Friday, September 17, 2010


Day 157-September 17th
Destination: Oak Harbor (via Manning Park)
Miles: 15
Cumulative Miles: 2338.5

It was rough sleep last night, on a very uneven campsite. Yet, despite our poor sleep accommodations, we moved out ambitious for the border crossing. We headed out largely as a train, six of us marching closely together talking away the miles.

Motor's boyfriend planned on hiking south from Manning Park to meet her on our final day. When we finally connected with him, a happy reunion was had. While Motor and Isaac hugged and kissed, the rest of us broke out in a horrible bad attempt at singing "A Whole New World," from Disney's Alladin.

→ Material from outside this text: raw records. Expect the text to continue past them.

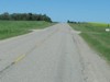 Eastbound view approaching Road 96W. At right is the sign indicating entry into the RM of Rosedale. ![]() Photograph taken in July 2011. |
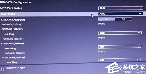 2、然后通过键盘的↑↓键来操作,将其中的SATA Mode改为AHCI。
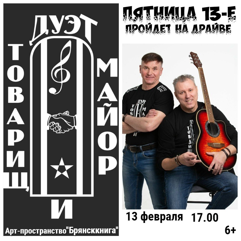 » 🔵Крутой дуэт крутых авторов дуэт Валентина Фирсова и Сергея Непши был создан в 2023 году. Уже в 2024-м он получил признание на Всероссийских фестивалях «Щит и лира» и «Милосердие белых ночей»: парни завоевали сразу два первых места! 🔜Арт-площадка «Брянсккниги» ждет всех желающих, несуеверных (и суеверных тоже) 13 февраля в 17:00. Ни одна черная кошка нам не помешает! Вход свободный 6+
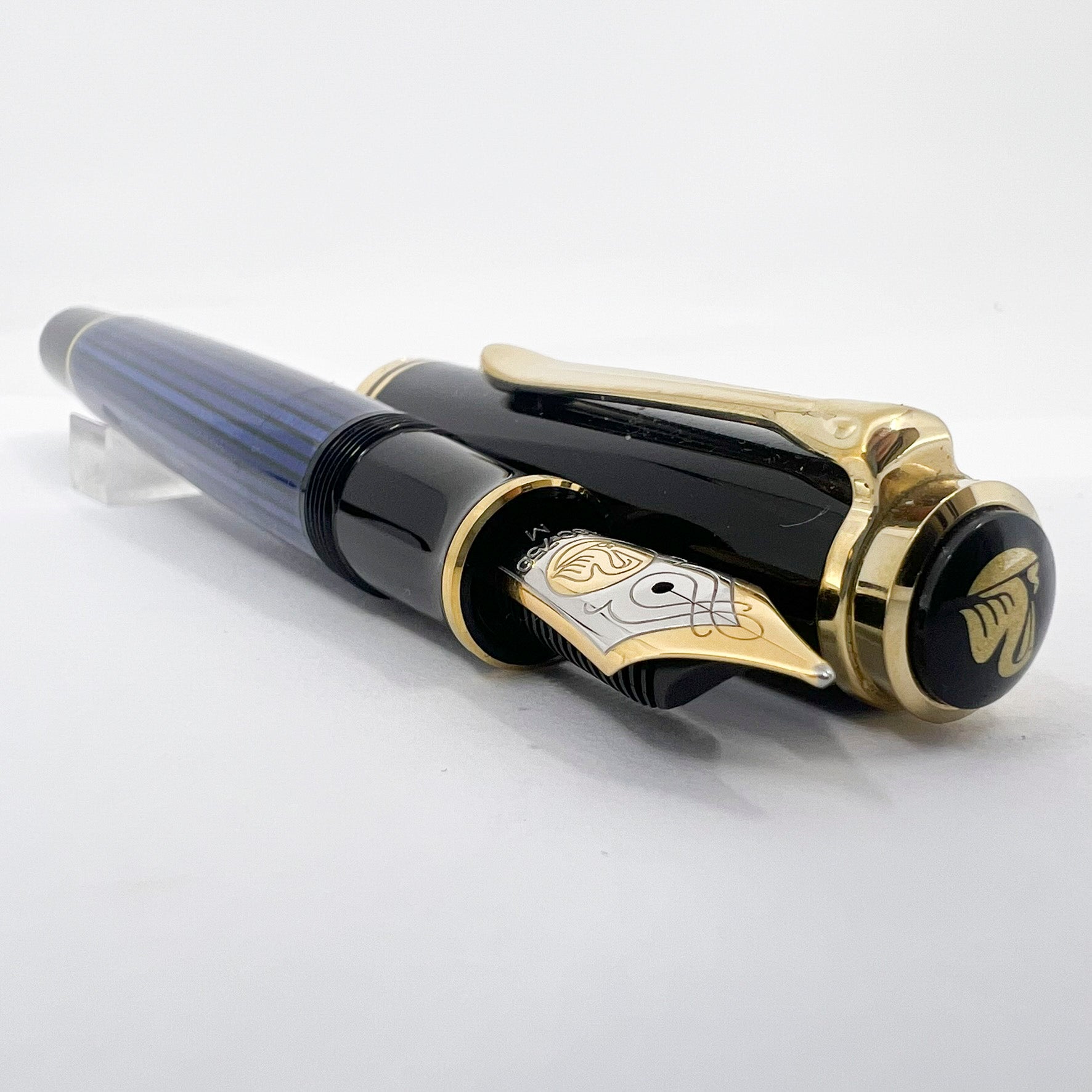 Pelikan M800 Black Cap/Blue Striped Barrel Fountain Pen - Medium 18kt Gold Nib

Three miles later, we heard whoops and screams in the forest below us. A few minutes later, there were more screams. Then a few more minutes later we were screaming ourselves. We had arrived at Monument 78, the marker on the trail distinguishing the border between the United States and Canada. There also is a wide clear cut swath of land along the entire perimeter of the border between the two countries. There is probably some cynical comment that could be made about the fact that our Mexican Border is a barbed wire fence next to a steel wall with hired gunmen, whereas our Canadian Border is a wide open swath of land, but we'll leave that alone.

Enjoying wine, whiskey, candy, butter sticks, maple syrup, vodka, Stehekin Bakery goods, and the remains of anything good and tasty, the nine of us jumped and celebrated, indulged and screamed, drank and posed. It was a very wonderful opportunity for us to get to cross the border with others, celebrating in the company of finishers, and almost finishers like us.

We may not be completely done yet, but this is certainly the beginning of the end for us. We just need to head down to California and pick up a few hundred missed miles. But first we had to hike the nine miles from the monument to the highway at Manning Park. What a cruel joke it is, to celebrate being done, only to have nine miles and 1000 feet of elevation gain to deal with.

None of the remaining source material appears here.